Image courtesy of CALYN
CALYN is an alternative R&B artist based in Stockton, California, building a sound defined by inventive melodies, emotional honesty, and a quietly fearless creative instinct. Shaped early by her sister DYLI, a recording artist who guided her first studio sessions in Los Angeles, she transformed background vocal work into a fully realized artistic identity. Drawing comparisons to SZA, her music explores hesitation, longing, and relational aftermath with sensitivity and control. Her new single “Same Side” featuring YungBoyProphet is steadily positioning her as one of R&B’s most compelling new voices — an artist whose restraint feels like rebellion in a genre increasingly defined by excess, and whose songwriting suggests a long, deliberate career rather than a moment.
AKTHEPROD

Image courtesy of AKTHEPROD
Alex Krause — recording as AKTHEPROD — is a Woodbury, NY independent artist whose 2026 EP DNR is his most honest swing yet: a structured spiral through romantic complication, old thought patterns, and rebuilding self-belief. “DNR was ignited during a romantic complication,” he says. “This EP serves as that structured spiral.” Krause began building beats in the late 2010s while in college, before realizing the voice he was producing for was his own.
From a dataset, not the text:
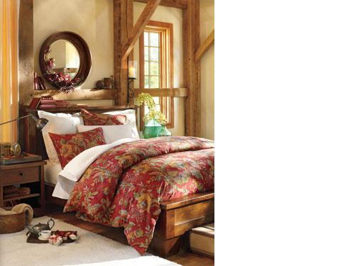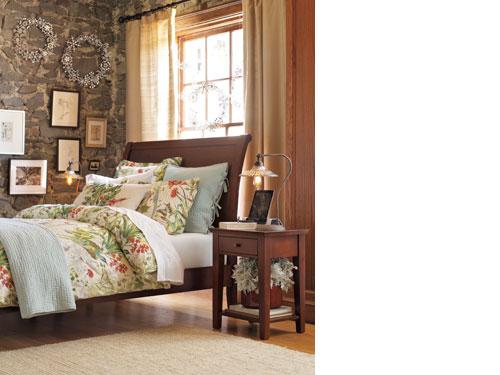 This bedroom perfectly harmonizes rustic elements with a refined sensibility. The key is pairing an eclectic mix of textures while keeping the palette fresh and simple – details like exuberant bedding are met warmly by richly finished furnishings and a thick woven rug. A dramatic mirror displayed overhead draws the eye upward, and surrounding it with accents like books and fresh botanicals breaks up the bold look.

Blending hip-hop, R&B, and alternative with experimental influences, his records feel constructed rather than captured — emotional transparency over persona. DNR is the sound of an artist trusting the mess.
Karen Salicath

Image courtesy of Karen Salicath Jamali
In 2012, Karen Salicath Jamali suffered a head injury and near-death experience that rewired her life. She had never played piano before. During recovery, she began composing spontaneously — self-taught, dream-channeled, and unstoppable. Three years later, she started recording. Today, the Danish-born, NYC-based composer has released 8 albums, written 2,500+ compositions, and performed solo at Carnegie Hall eight times. Mastered by Sony veteran Maria Triana (Aretha Franklin, Bob Dylan, Wayne Shorter), her catalog spans the “Angel Sandalphon” series, including “The Music Lake.” Her new single “Seeds of God”, her first release with voice and guitar, has already drawn media attention and thousands of viewers. Her work continues to evolve, shaped by her personal journey.
Brian Ligon

Image courtesy of Brian Ligon
Brian Ligon is a modern-day Renaissance man, multi-instrumentalist, producer, former Butler University basketball forward, and practicing dentist. Nowhere But Here, his debut instrumental album, distills decades of musical instinct into a jazz-rooted, genre-untethered body of work built on keys, strings, and drums. Self-produced and shaped by his background in film-scoring studies, the project plays like a self-portrait — proof that Ligon’s range isn’t a contradiction. It’s the point. Citing Quincy Jones and Michael Jackson as his production north star, Ligon makes jazz-rooted, genre-untethered music built to outlast trend cycles.